[[ GIVEN RECORDS, beginning ]]
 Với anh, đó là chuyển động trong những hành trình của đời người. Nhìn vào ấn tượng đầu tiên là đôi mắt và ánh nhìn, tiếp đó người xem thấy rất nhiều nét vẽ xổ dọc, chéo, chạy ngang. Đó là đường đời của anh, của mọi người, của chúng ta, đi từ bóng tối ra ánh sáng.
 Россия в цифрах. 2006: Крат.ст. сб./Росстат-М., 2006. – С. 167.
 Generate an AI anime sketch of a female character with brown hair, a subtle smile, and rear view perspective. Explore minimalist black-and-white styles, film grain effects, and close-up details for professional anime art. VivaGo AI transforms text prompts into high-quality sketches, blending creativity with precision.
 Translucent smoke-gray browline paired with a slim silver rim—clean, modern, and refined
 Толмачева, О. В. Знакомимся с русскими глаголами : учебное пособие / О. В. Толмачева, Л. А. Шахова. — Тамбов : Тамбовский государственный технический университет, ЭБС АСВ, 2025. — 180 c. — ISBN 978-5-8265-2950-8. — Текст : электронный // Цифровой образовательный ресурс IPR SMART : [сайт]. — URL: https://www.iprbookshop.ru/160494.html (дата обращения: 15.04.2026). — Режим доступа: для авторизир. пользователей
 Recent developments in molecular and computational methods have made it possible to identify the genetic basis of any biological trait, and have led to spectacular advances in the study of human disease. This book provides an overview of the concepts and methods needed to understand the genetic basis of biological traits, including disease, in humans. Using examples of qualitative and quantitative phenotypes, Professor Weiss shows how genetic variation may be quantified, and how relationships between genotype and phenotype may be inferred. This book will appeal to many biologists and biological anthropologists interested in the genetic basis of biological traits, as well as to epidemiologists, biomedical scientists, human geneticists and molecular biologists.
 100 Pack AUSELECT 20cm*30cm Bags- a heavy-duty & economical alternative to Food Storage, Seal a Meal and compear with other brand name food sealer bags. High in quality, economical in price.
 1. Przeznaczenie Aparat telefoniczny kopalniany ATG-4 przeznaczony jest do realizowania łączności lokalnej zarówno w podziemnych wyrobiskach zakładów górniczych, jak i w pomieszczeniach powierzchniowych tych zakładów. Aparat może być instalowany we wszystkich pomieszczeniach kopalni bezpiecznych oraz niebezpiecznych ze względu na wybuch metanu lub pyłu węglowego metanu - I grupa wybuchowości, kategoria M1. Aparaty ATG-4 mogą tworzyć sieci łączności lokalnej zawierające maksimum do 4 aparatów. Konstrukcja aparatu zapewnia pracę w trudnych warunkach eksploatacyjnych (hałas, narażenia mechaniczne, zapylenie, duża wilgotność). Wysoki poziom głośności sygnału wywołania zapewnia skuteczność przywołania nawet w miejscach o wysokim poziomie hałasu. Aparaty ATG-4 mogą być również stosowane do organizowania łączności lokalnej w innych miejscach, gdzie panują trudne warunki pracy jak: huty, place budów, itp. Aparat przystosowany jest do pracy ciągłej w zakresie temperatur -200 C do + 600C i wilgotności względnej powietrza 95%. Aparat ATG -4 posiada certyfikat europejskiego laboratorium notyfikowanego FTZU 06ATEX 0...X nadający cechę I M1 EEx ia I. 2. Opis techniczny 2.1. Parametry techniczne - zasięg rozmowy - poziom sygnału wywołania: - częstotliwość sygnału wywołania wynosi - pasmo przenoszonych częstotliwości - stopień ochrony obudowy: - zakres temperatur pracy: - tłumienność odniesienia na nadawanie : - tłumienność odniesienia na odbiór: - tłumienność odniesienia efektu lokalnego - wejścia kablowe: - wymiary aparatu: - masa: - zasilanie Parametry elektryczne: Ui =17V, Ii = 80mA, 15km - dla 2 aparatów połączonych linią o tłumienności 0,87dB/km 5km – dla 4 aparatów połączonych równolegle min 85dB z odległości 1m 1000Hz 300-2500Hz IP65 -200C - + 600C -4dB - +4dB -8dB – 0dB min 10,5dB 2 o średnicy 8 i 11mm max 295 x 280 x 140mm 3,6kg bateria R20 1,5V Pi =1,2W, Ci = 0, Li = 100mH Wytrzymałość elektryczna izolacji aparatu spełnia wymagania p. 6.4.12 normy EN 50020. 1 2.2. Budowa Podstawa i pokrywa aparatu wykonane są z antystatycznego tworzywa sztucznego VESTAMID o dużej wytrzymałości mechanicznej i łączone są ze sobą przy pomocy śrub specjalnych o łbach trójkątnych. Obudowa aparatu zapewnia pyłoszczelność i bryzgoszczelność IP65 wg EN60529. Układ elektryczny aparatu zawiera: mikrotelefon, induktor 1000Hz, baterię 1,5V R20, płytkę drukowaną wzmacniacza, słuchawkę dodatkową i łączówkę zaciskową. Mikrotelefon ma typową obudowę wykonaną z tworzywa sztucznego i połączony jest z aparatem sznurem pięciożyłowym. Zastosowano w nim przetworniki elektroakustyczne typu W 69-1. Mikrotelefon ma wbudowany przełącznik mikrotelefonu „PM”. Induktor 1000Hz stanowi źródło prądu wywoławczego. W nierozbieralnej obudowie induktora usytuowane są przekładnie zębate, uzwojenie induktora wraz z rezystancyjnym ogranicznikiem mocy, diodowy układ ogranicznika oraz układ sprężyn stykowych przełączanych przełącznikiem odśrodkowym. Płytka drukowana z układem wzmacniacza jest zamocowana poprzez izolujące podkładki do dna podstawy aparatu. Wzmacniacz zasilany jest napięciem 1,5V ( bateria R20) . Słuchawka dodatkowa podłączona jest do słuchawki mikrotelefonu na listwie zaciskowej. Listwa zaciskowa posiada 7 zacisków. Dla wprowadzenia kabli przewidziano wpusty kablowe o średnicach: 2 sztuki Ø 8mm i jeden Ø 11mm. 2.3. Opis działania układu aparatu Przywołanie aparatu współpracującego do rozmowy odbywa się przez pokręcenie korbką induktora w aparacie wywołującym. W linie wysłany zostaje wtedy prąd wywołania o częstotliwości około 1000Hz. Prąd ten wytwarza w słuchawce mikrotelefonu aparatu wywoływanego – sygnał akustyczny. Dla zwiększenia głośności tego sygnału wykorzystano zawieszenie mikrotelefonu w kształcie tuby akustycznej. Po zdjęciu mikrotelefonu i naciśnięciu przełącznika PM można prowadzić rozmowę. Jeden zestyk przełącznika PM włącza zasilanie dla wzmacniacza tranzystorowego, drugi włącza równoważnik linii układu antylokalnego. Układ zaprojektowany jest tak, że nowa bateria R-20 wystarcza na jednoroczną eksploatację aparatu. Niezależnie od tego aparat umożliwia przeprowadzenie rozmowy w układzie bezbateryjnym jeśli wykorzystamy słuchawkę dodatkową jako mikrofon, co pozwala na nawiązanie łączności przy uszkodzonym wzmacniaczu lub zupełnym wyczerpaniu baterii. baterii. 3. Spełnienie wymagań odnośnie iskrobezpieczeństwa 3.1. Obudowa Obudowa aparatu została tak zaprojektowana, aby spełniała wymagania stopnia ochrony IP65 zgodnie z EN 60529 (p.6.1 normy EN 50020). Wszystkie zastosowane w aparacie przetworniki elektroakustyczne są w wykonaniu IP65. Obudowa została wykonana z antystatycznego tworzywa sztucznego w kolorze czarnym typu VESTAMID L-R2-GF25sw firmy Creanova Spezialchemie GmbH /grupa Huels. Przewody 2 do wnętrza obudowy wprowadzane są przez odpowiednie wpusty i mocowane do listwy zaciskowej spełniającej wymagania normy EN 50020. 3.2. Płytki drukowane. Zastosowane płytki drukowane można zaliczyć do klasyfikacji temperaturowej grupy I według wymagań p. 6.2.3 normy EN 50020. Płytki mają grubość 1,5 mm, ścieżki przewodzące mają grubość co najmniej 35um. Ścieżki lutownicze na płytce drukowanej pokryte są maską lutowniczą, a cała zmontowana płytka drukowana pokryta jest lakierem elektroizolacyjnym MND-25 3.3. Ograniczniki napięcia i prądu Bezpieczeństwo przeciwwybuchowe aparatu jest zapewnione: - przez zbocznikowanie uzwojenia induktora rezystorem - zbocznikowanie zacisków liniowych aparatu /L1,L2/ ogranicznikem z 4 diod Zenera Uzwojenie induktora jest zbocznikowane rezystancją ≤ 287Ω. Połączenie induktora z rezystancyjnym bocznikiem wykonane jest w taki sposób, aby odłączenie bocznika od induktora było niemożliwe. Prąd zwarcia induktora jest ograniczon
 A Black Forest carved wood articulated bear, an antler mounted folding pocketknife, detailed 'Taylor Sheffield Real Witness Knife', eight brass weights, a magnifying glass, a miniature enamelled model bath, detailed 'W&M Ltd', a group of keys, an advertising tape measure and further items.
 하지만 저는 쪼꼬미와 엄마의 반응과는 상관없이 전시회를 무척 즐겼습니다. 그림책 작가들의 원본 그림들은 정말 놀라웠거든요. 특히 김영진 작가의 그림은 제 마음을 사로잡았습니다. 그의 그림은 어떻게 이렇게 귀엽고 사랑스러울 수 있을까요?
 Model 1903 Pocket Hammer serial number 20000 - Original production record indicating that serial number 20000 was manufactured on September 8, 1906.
[[ GIVEN RECORDS, end ]]
AIM OF THE TASK: The answer should be only the number of lines in the data that contain the string "with".

EXERCISE SOLUTION: 3